Les sages des treize cantons de Siguiri se sont réunis ce dimanche 1er février au vestibule Nouga, sous la présidence d’El Hadj Dramane Magassouba et de ses conseillers, pour débattre d’une question jugée cruciale pour l’avenir de la préfecture : l’utilisation massive des machines dites poclains dans les sites d’orpaillage.
Dans une atmosphère empreinte de gravité et de responsabilité, les sages ont, à tour de rôle, exprimé leur profonde inquiétude face aux conséquences désastreuses de ces engins lourds sur l’environnement, les terres agricoles, les cours d’eau et la santé des populations. Selon eux, l’exploitation mécanisée et incontrôlée de l’or est en train de transformer Siguiri en un paysage dévasté, où les champs, les forêts et les rivières sont progressivement détruits.
« Nos terres nourricières sont éventrées, nos rivières sont polluées, et nos enfants risquent de grandir dans un environnement invivable », a déclaré l’un des sages, rappelant que l’orpaillage artisanal, jadis source de subsistance, est devenu aujourd’hui un facteur de destruction écologique et sociale.
Les sages ont également dénoncé la complicité tacite de certains acteurs qui ferment les yeux sur ces pratiques, au détriment des communautés locales. Ils ont insisté sur la nécessité de protéger le patrimoine naturel et culturel de Siguiri, considéré comme un héritage sacré transmis de génération en génération.

À l’issue des échanges, il a été unanimement convenu d’adresser une lettre officielle au Président de la République, le Général Mamadi Doumbouya, afin de l’informer de la position et de la décision des sages des treize cantons.
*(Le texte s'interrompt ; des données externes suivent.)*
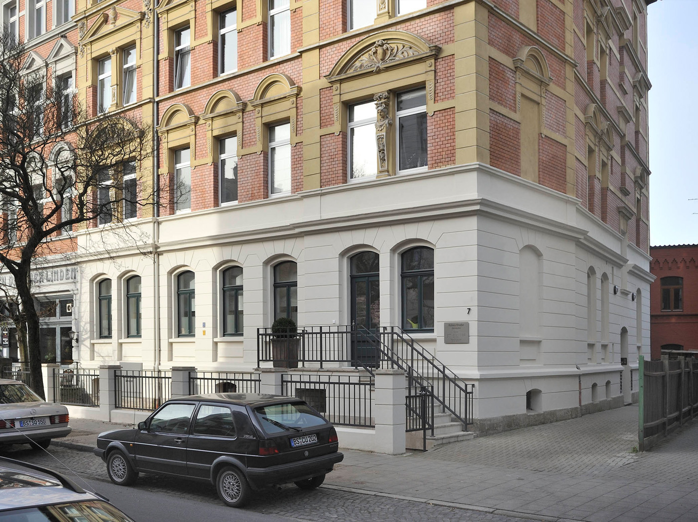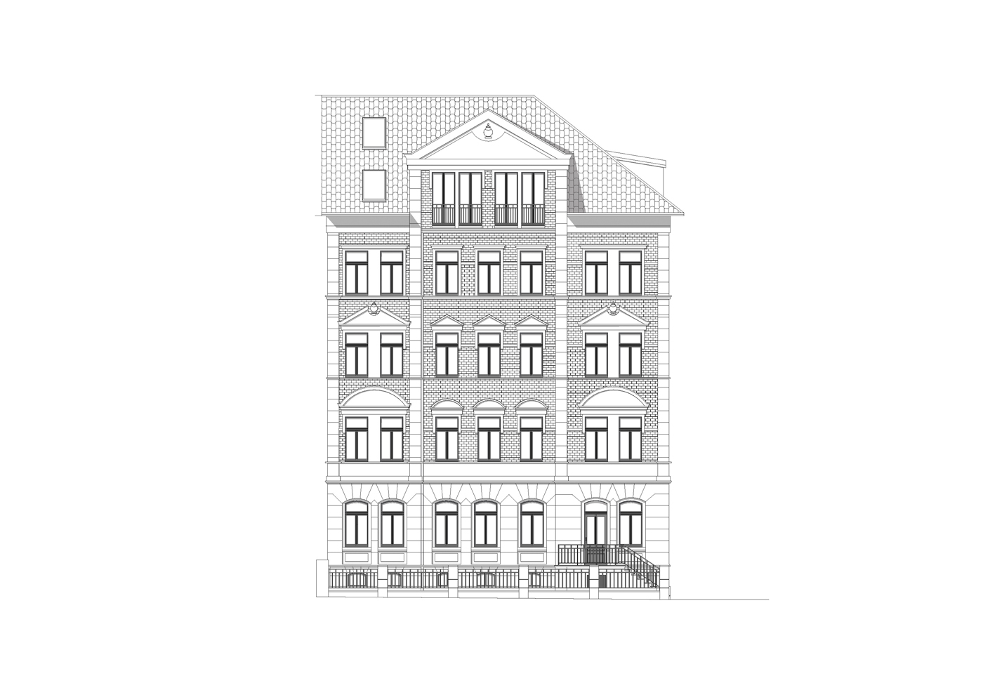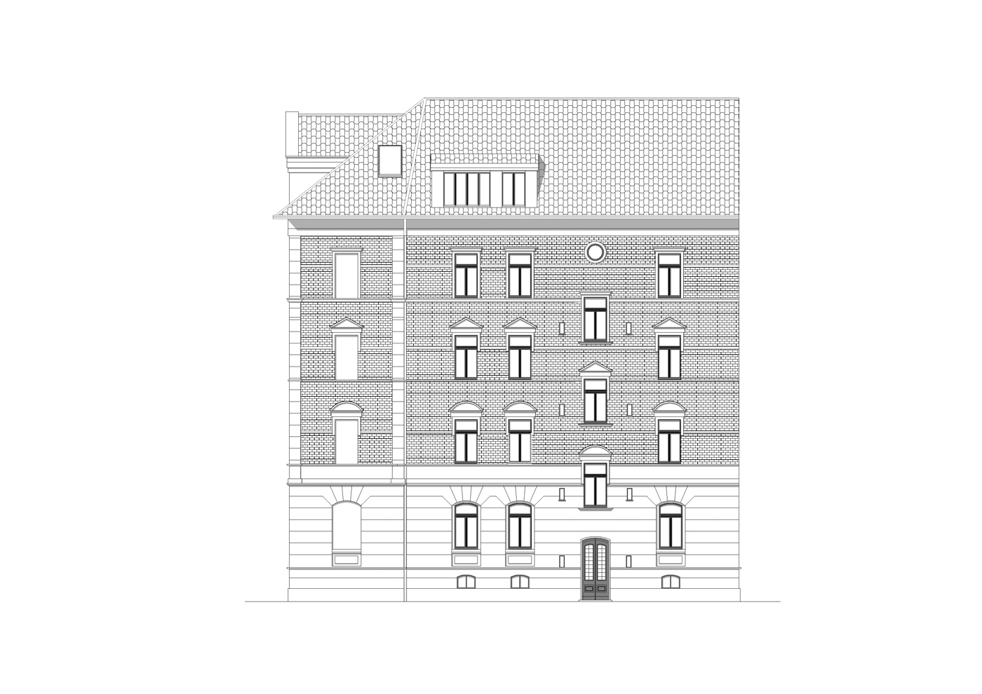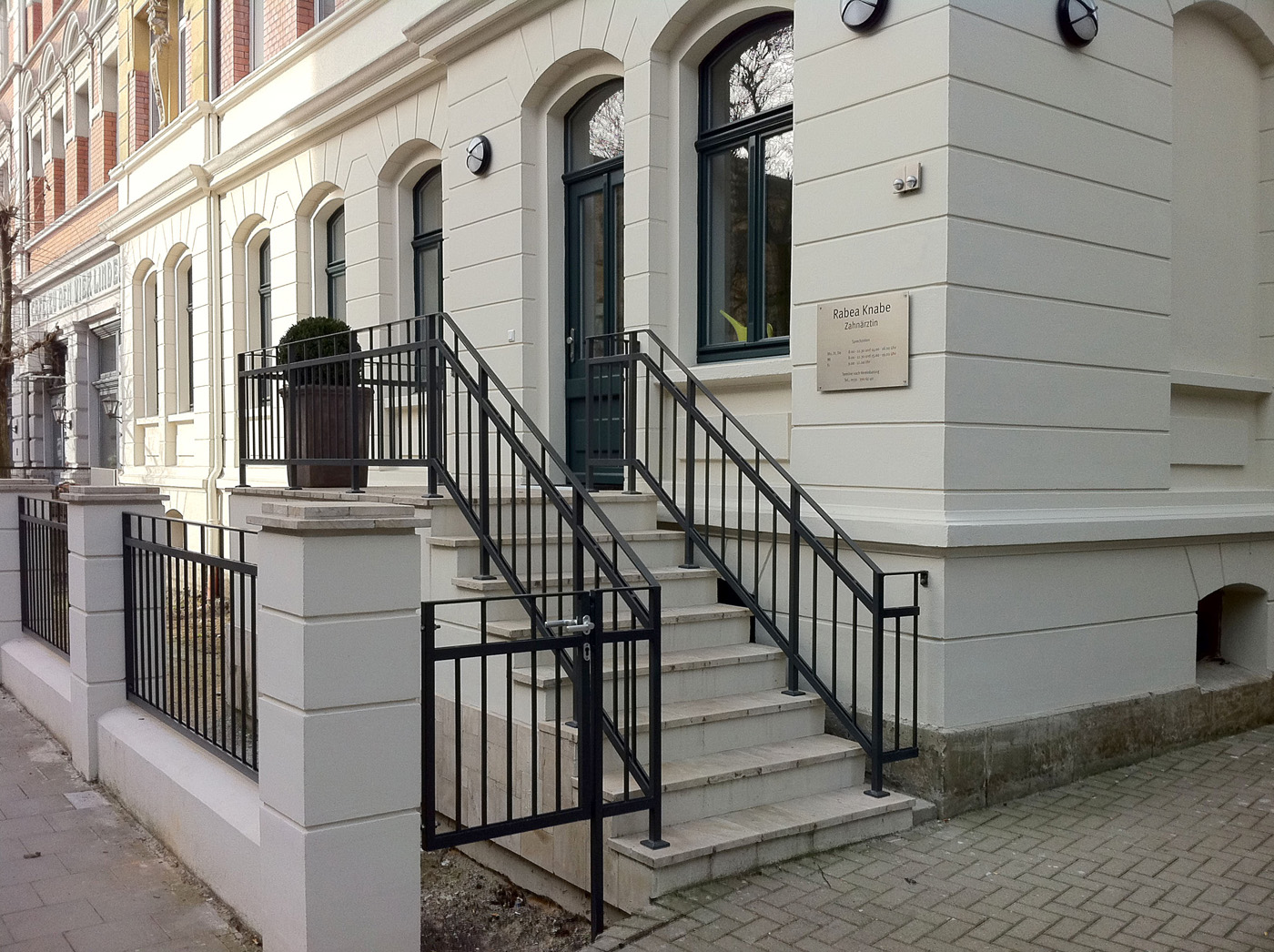 In einem Mehrfamilienhaus aus der Zeit um die Jahrhundertwende wurde das Dachgeschoss zu zwei Wohneinheiten ausgebaut und in einer bestehenden Fensteröffnung des Hochparterres ein zusätzlicher Eingang zu den Räumen einer Zahnarztpraxis wieder hergestellt. Dies entstand in Anlehnung an einen hier früher existierenden Eingang zu einem Frisörsalons. Die neue Eingangsanlage besteht aus einer einläufigen entsprechend der Sockelausbildung massiven Treppe mit Podest und einer Holztüranlage, die sich gestalterisch an den historischen Bestandsfenstern orientiert.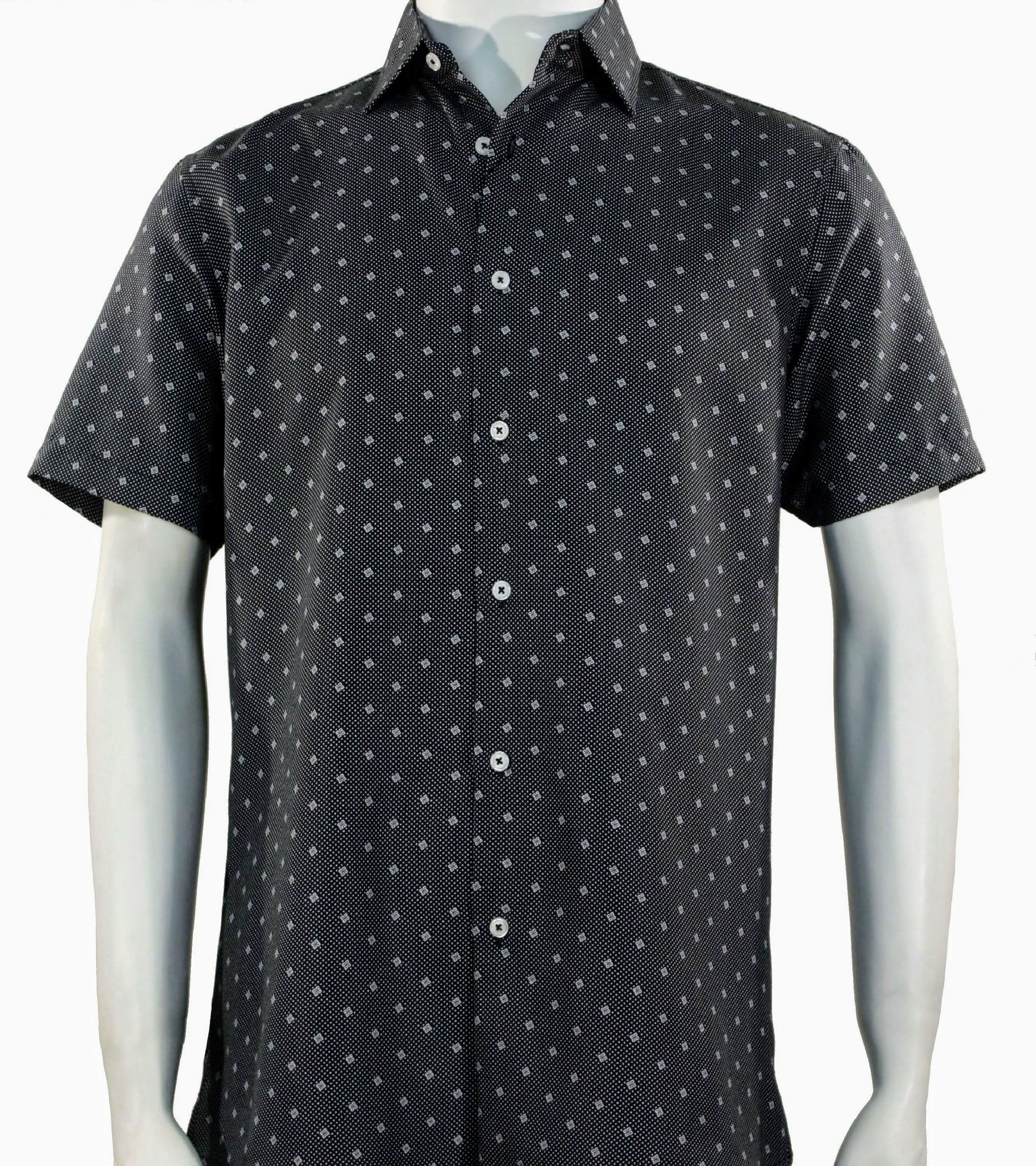 Black MicroDiced Print Men's Short Sleeve Shirt - Modern Fit

Cette correspondance vise à solliciter l’intervention des plus hautes autorités pour réglementer, voire interdire, l’usage des machines pelleteuses “poclains” dans les mines artisanales de la préfecture, et pour promouvoir une exploitation minière responsable et respectueuse de l’environnement.
Par cette démarche, les sages des treize cantons entendent rappeler leur rôle historique de gardiens des traditions et protecteurs des terres ancestrales, tout en appelant à une prise de conscience collective pour sauver Siguiri d’une dégradation irréversible.